The converter.expand_or_standardize() function extends the CURIE expansion function to handle the situation where you might get passed a CURIE or a URI. If itโ€™s a CURIE, expansions happen with the normal rules. If itโ€™s a URI, it tries to standardize it.
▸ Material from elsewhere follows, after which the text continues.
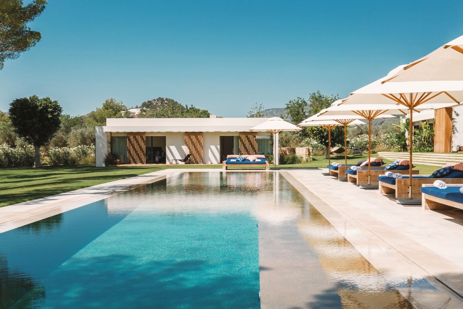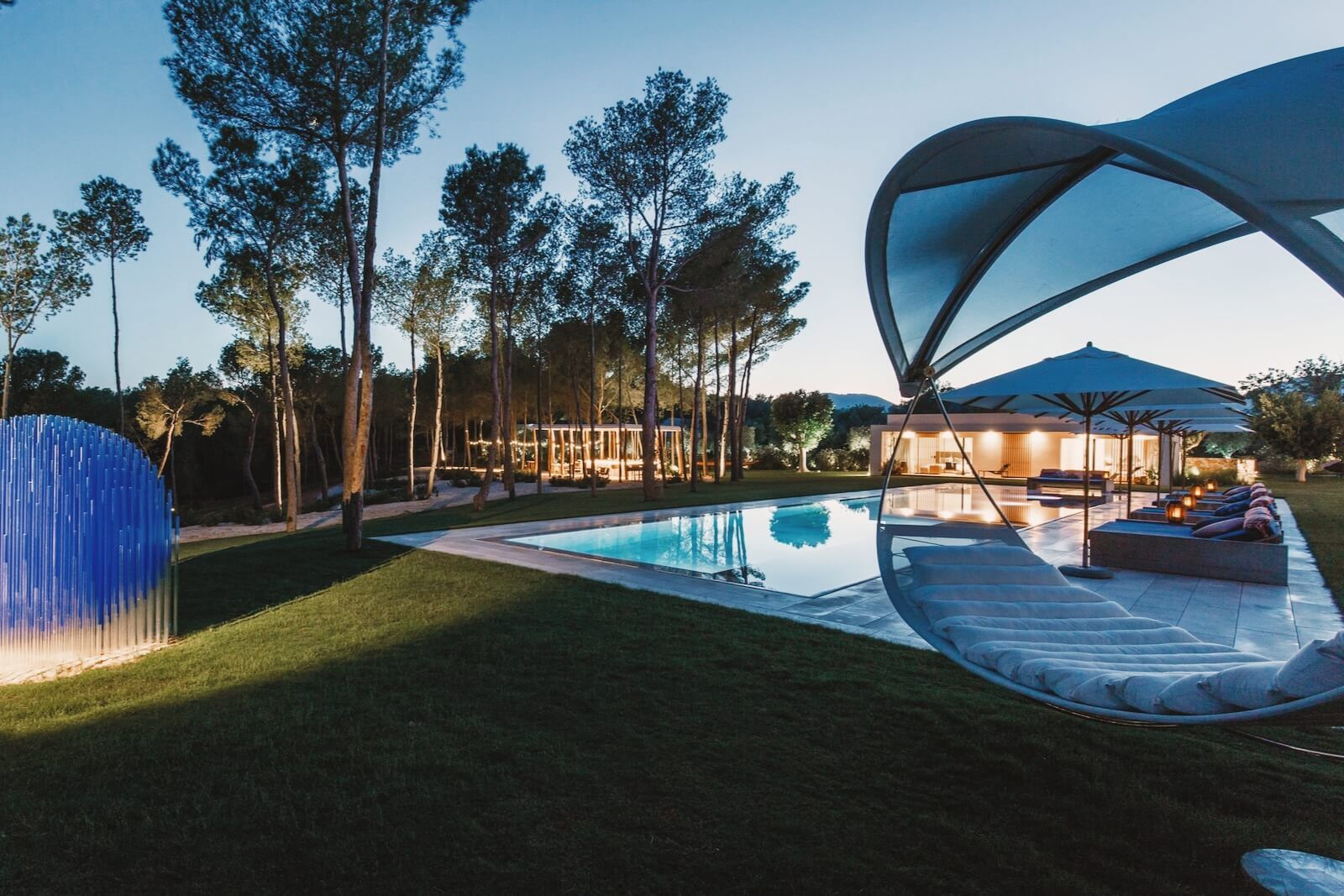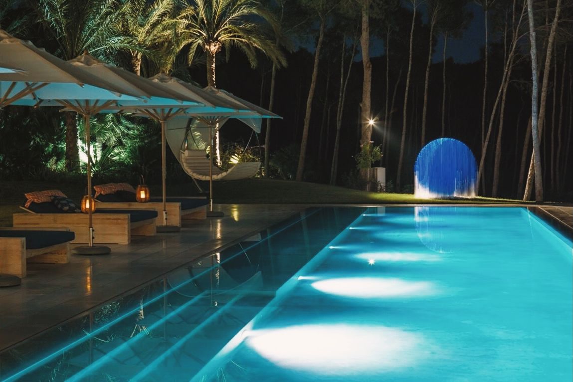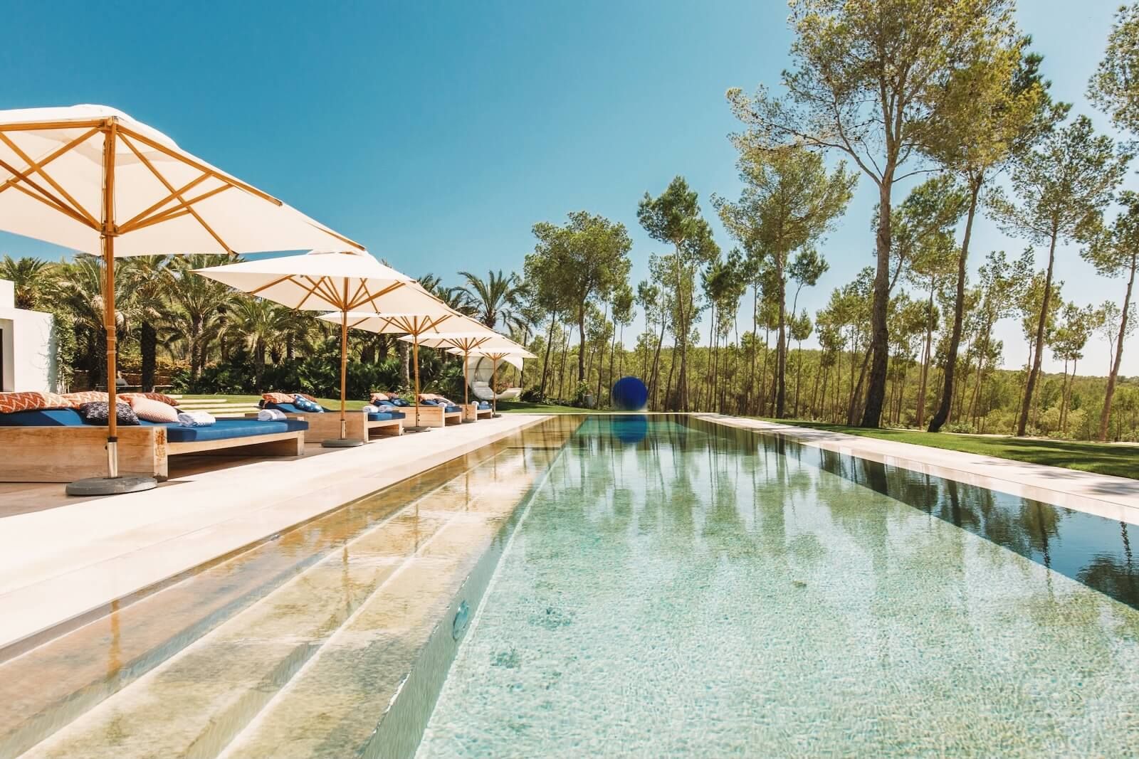 This beautiful home has everything you might need for a tranquil Ibizan escape, from a private sandy beach to live-in staff. Set on 10 hectares of land, this villa has a garden filled with lush plants, a heated pool, and a Jacuzzi. Catch glimpses of the sea from between the pines as you play volleyball or petanque, or settle down in the open-air cinema. The open-plan living and dining space has been decorated with stunning artwork, and every bedroom is elegant and attractive.

from curies_rs import Converter

converter = Converter.from_extended_prefix_map("""[{
    "prefix": "CHEBI",
    "prefix_synonyms": ["chebi"],
    "uri_prefix": "http://purl.obolibrary.org/obo/CHEBI_",
    "uri_prefix_synonyms": ["https://identifiers.org/chebi:"]
}]""")

# Expand CURIEs
assert converter.expand_or_standardize("CHEBI:138488") == 'http://purl.obolibrary.org/obo/CHEBI_138488'
assert converter.expand_or_standardize("chebi:138488") == 'http://purl.obolibrary.org/obo/CHEBI_138488'

# standardize URIs
assert converter.expand_or_standardize("http://purl.obolibrary.org/obo/CHEBI_138488") == 'http://purl.obolibrary.org/obo/CHEBI_138488'
assert converter.expand_or_standardize("https://identifiers.org/chebi:138488") == 'http://purl.obolibrary.org/obo/CHEBI_138488'

# Handle cases that aren't valid w.r.t. the converter
try:
    converter.expand_or_standardize("missing:0000000")
    converter.expand_or_standardize("https://example.com/missing:0000000")
except Exception as e:
    print(e)
import {Converter} from "@biopragmatics/curies";

async function main() {
    const converter = await Converter.fromExtendedPrefixMap(`[{
        "prefix": "CHEBI",
        "prefix_synonyms": ["chebi"],
        "uri_prefix": "http://purl.obolibrary.org/obo/CHEBI_",
        "uri_prefix_synonyms": ["https://identifiers.org/chebi:"]
    }]`)

    console.log(converter.expandOrStandardize("chebi:138488"))
    console.log(converter.expandOrStandardize("https://identifiers.org/chebi:138488"))
    try {
        console.log(converter.expandOrStandardize("http://purl.obolibrary.org/UNKNOWN_12345"))
    } catch (e) {
        console.log("Failed successfully)
    }
}
main();
use curies::Converter;

#[tokio::main]
async fn main() -> Result<(), Box<dyn std::error::Error>> {
    let converter = Converter::from_extended_prefix_map(r#"[{
        "prefix": "CHEBI",
        "prefix_synonyms": ["chebi"],
        "uri_prefix": "http://purl.obolibrary.org/obo/CHEBI_",
        "uri_prefix_synonyms": ["https://identifiers.org/chebi:"]
    }]"#).await?;

    assert_eq!(converter.expand_or_standardize("http://amigo.geneontology.org/amigo/term/GO:0032571").unwrap(), "http://purl.obolibrary.org/obo/GO_0032571".to_string());
    assert_eq!(converter.expand_or_standardize("gomf:0032571").unwrap(), "http://purl.obolibrary.org/obo/GO_0032571".to_string());
    assert!(converter.expand_or_standardize("http://purl.obolibrary.org/UNKNOWN_12345").is_err());
    Ok(())
}

A similar workflow is implemented in converter.compress_or_standardize() for compressing URIs where a CURIE might get passed.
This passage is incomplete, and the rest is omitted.